CRC represses TRN2 expression via a YABBY-binding site
Based on our expression profiling analysis, we identified two auxin-related targets acting downstream of CRC. Since the role of TRN2 in flower meristem determinacy is largely unknown and the biggest expression changes in crc knu were observed compared knu mutant among six candidate genes (Supplementary Fig. 9a–f), we focused on the TRN2 gene as a putative direct target of CRC. We first investigated whether CRC regulates TRN2 expression. TRN2 was highly expressed throughout crc-1 carpel primordia at stage 6 compared to wild type (Fig. 4a–c). Since the TRN2-misexpressing domain did not fully overlap with CRC (Fig. 4b, c and Supplementary Fig. 9g), this ectopic expression could be due to the presence of multiple transcriptional activators of TRN2 25, feedback regulation via the auxin pathway, and/or lack of mobile signals from YABBY gene activities46. Moreover, dexamethasone (DEX) activation of biologically functional and glucocorticoid receptor (GR)-tagged CR protein led to a rapid and reproducible decrease in TRN2 expression (Fig. 4a and Supplementary Fig. 10a). These results suggest that CRC represses TRN2 expression in stage 6 floral buds.

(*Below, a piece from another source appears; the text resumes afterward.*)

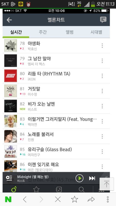비스트 하락세라 말 많은데 비스트 아니면 여기 넣을 그룹이 딱히 없는것도 사실임 얘넨 워낙 노래가 좋아서 비만 오면 차트 등장하는 것처럼

We next attempted to identify cis-regulatory elements important for TRN2 expression. By performing phylogenetic shadowing in four different Brassicaceae species, we identified three conserved regions in the TRN2 promoter (Fig. 4d). Among these regions, region I and III overlap with DNase hypersensitive sites, where transcription factors can bind47. Region III contains a DNase I hypersensitive site only in flowers, where CRC is specifically expressed (Fig. 4d and Supplementary Fig. 10b). Closer inspection of region III revealed the presence of a previously identified potential YABBY-binding site48 (GA[A/G]AGAAA) (Fig. 4d, e and Supplementary Fig. 10c). Chromatin immunoprecipitation (ChIP) analysis using a Myc epitope-tagged CRC protein and floral tissues from flowers that were synchronized in development showed that CRC was specifically enriched at the region TIII containing a conserved site (Fig. 4f). This result suggests that CRC specifically binds to region III of the TRN2 promoter to repress its transcription in a flower-specific manner, although TRN2 expression in leaves or vasculature is likely regulated by other transcription factor(s) bound by region I of the TRN2 promoter.
To investigate whether the YABBY-binding site is necessary for TRN2 expression, we mutagenized this site in the TRN2 promoter, yielding pTRN2m (Fig. 4g–i and Supplementary Fig. 10d–g). We did not detect the β-glucuronidase (GUS) activity in developing carpels at stage 6 and the reporter was misexpressed when introduced into crc-1 (Fig. 4g and Supplementary Fig. 10h, i). pTRN2m::GUS was continuously expressed throughout two carpels of stage 6 flowers (Fig. 4g, h). Increases in pTRN2m::GUS signals were also detected in sepals, most likely due to the activity of other YABBY family proteins (Fig. 4g, h). We analyzed the reporter constructs in an independent population of T1 plants (n ≥ 25) to minimize possible positional effects on transgene expression. Significantly more pTRN2m::GUS lines had stronger signals than pTRN2::GUS lines (p = 0.005) (Fig. 4i). These results suggest that a conserved YABBY-binding site is required for proper repression of TRN2 expression.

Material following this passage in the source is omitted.